The Arsenic Methylation Cycle: How Microbial Communities Adapted Methylarsenicals for Use as Weapons in the Continuing War for Dominance

摘要

Arsenic is the most ubiquitous environmental toxin. Most microorganisms have evolved mechanisms to use methylarsenicals as weapons in microbial warfare. This has created cycles of arsenic methylation and demethylation, which constitutes an important part of arsenic biogeochemical cycles and environmental health. Arsenic methylation forms methylarsenite (MAs(III)), arsenobetaine, arsenosugars and the new identified methylarsenical antibiotic, arsinothricin (AST). Bacteria use MAs(III) and AST to gain a competitive advantage over other bacteria. Microbes generate toxic MAs(III) by 1) methylation of arsenite (As(III)) or 2) reduction of methylarsenate (MAs(V)). In air MAs(III) is oxidized to MAs(V), making methylation an detoxification process in aerobes. MAs(V) is continually re-reduced to MAs(III) by other bacteria, giving them a competitive advantage over sensitive bacteria. Because generation of a sustained pool of MAs(III) requires microbial communities, these complex interactions are an emergent property, that is, overall scheme of arsenic-containing antibiotics emerges from interaction of multiple species.

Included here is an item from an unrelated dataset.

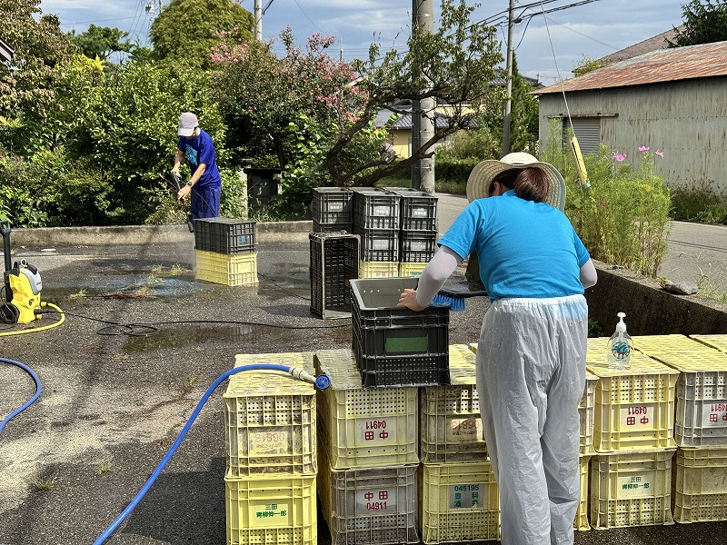 収穫にむけて ワイナリー便り 2024.09.20 収穫にむけて、採集コンテナの清掃を行いました。 収穫した房を入れる大切なコンテナです、きれいにしておかないといけません。 いつ頃からどの品種を収穫するかは、近々お伝えできると思います。 お手伝いさんを募集しますので、ご協力をお願いします。

In response to production of the antibiotic MAs(III), other members of microbial communities have evolved at least four mechanisms for resistance to MAs(III): 1) ArsH detoxifies MAs(III) by oxidation to nontoxic MAs(V); 2) ArsI degrades MAs(III) by cleavage of the C-As bond to form less toxic As(III); 3) the ArsP efflux permease confers selective resistance to MAs(III); and 4) the unrelated ArsK efflux permease confers resistance to both trivalent inorganic and organoarsenicals. Environmental application of anthropogenic aromatic arsenicals further fuels bacterial warfare and selection for novel resistance mechanisms. In another microbial adaptation to use environmental arsenic as a weapon, some soil bacteria synthesize a methylarsenate analog of the amino acid glutamic acid termed arsinothricin (AST); AST shows a broad-spectrum antibiotic action against both Gram-negative and Gram-positive bacteria. In response to the environmental challenge presented by AST, arsN genes evolved to detoxify it by acetylation of the α-amino group. Thus life has adapted to use environmental arsenic as a weapon in the continuing battle for dominance. Both MAs(III) and AST are natural products with antibiotic-like properties, both are toxic methylarsenicals produced by one microbe to kill off competitors, and resistances have arisen for both.